* **Instructions to follow**
The entries below contain a line with "Alaves ở ngày" and a line with "В комплекте с". Quote exactly those two lines and all lines between them.
**** Extracted material ****
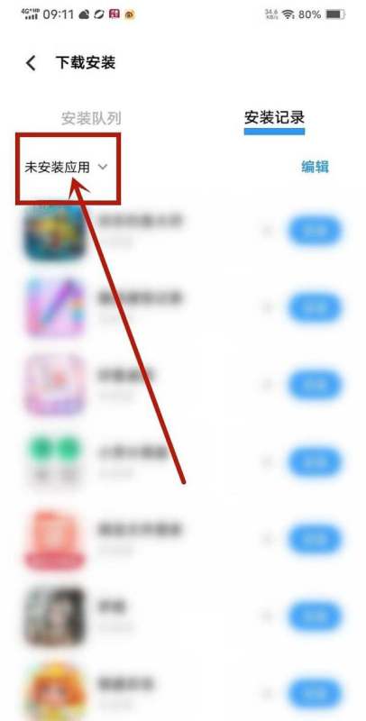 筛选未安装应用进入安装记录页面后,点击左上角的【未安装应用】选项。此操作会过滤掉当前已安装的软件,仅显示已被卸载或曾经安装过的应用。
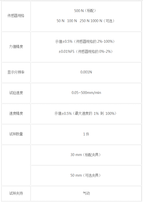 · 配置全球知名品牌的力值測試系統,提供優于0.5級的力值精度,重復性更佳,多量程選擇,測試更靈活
****
**** Extracted material ****
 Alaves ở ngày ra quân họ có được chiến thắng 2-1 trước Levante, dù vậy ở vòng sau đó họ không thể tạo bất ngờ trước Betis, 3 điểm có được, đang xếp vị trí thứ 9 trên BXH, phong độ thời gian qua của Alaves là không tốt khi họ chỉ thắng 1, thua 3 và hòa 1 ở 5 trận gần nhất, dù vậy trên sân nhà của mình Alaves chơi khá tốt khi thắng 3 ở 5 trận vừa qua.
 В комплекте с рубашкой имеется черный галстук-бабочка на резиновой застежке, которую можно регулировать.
****
**** Extracted material ****
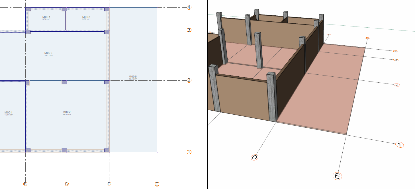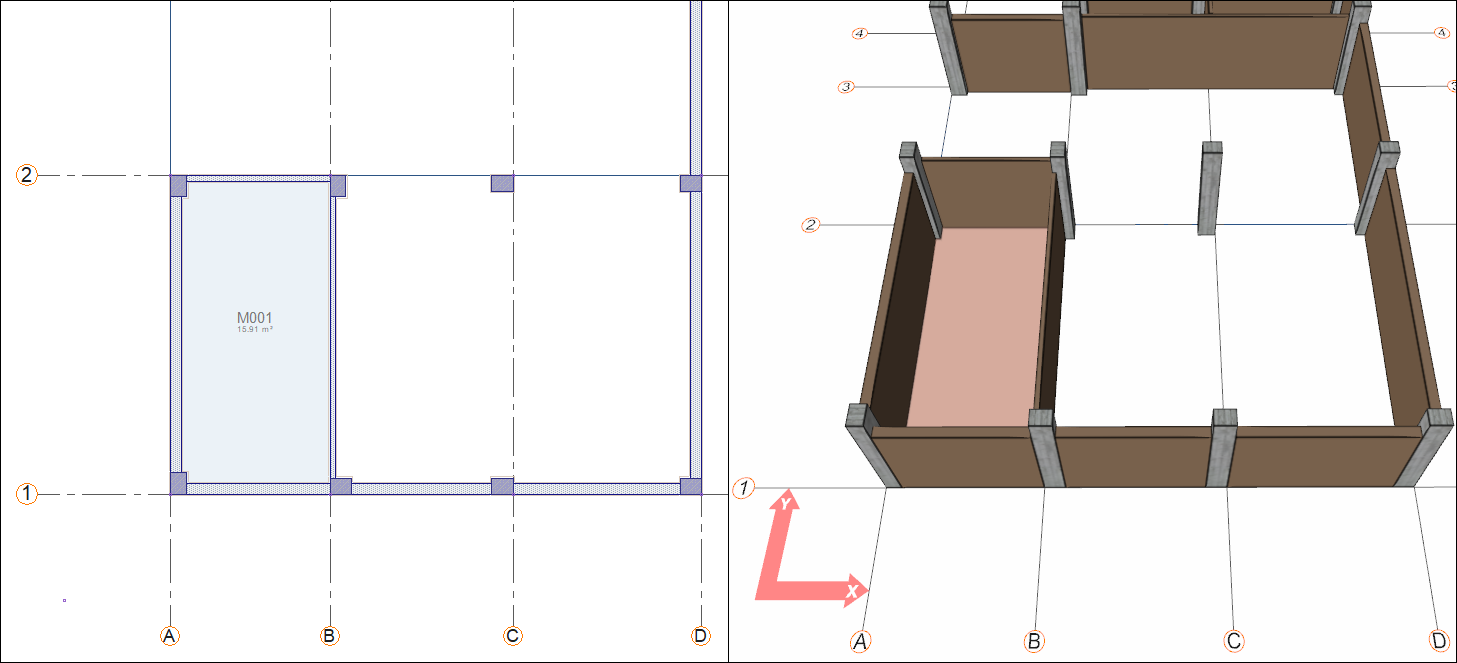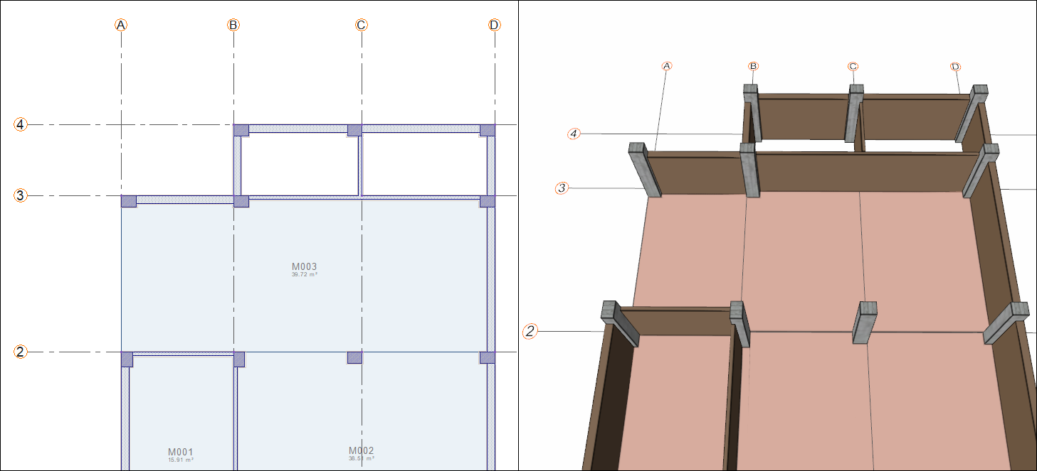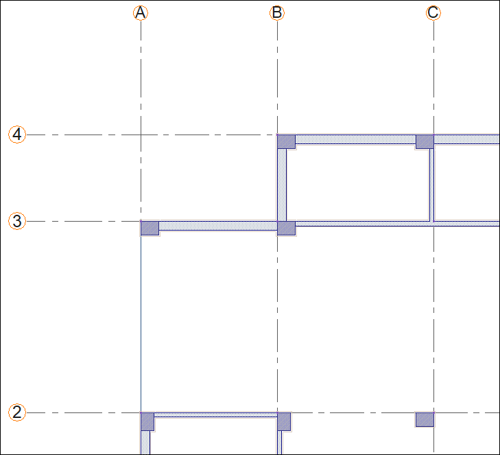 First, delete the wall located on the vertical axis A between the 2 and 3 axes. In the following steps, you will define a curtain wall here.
****
* **Output below**
 Alaves ở ngày ra quân họ có được chiến thắng 2-1 trước Levante, dù vậy ở vòng sau đó họ không thể tạo bất ngờ trước Betis, 3 điểm có được, đang xếp vị trí thứ 9 trên BXH, phong độ thời gian qua của Alaves là không tốt khi họ chỉ thắng 1, thua 3 và hòa 1 ở 5 trận gần nhất, dù vậy trên sân nhà của mình Alaves chơi khá tốt khi thắng 3 ở 5 trận vừa qua.
 В комплекте с рубашкой имеется черный галстук-бабочка на резиновой застежке, которую можно регулировать.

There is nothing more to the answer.